Each line of the listing, apart from the pictures, is to be printed exactly.

DATA BELOW =
========

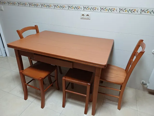 Detalles del productoConjunto de mesa de cocina con sillas y taburetes. Se puede abrir y alcanzar 180 cm.
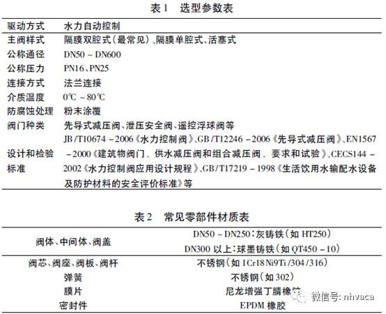 1) 水力控制阀的选型主要为主阀的选型,包括样式、口径、压力、材质等。常见的水力控制阀选型参数见表:
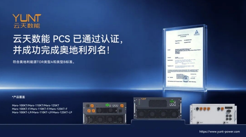 中國(guó)儲(chǔ)能網(wǎng)訊:云天數(shù)能 Mars 系列工商業(yè)儲(chǔ)能 PCS 成功通過(guò)奧地利 Oesterreichs Energie 認(rèn)證,近日已完成 125kW 風(fēng)冷與液冷 PCS 產(chǎn)品列名,標(biāo)志著品牌正式獲得奧地利市場(chǎng)準(zhǔn)入資格。
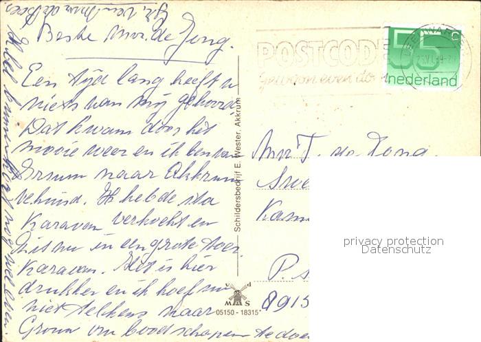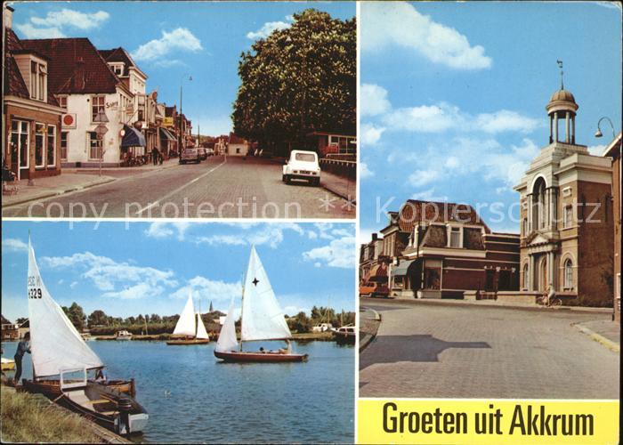 old postcard Akkrum Ortspartie Kirche Segelboot Wassersport postalisch gelaufen Erhaltung siehe scans

========

SOLUTION =
 Detalles del productoConjunto de mesa de cocina con sillas y taburetes. Se puede abrir y alcanzar 180 cm.
 1) 水力控制阀的选型主要为主阀的选型,包括样式、口径、压力、材质等。常见的水力控制阀选型参数见表:
 中國(guó)儲(chǔ)能網(wǎng)訊:云天數(shù)能 Mars 系列工商業(yè)儲(chǔ)能 PCS 成功通過(guò)奧地利 Oesterreichs Energie 認(rèn)證,近日已完成 125kW 風(fēng)冷與液冷 PCS 產(chǎn)品列名,標(biāo)志著品牌正式獲得奧地利市場(chǎng)準(zhǔn)入資格。
 old postcard Akkrum Ortspartie Kirche Segelboot Wassersport postalisch gelaufen Erhaltung siehe scans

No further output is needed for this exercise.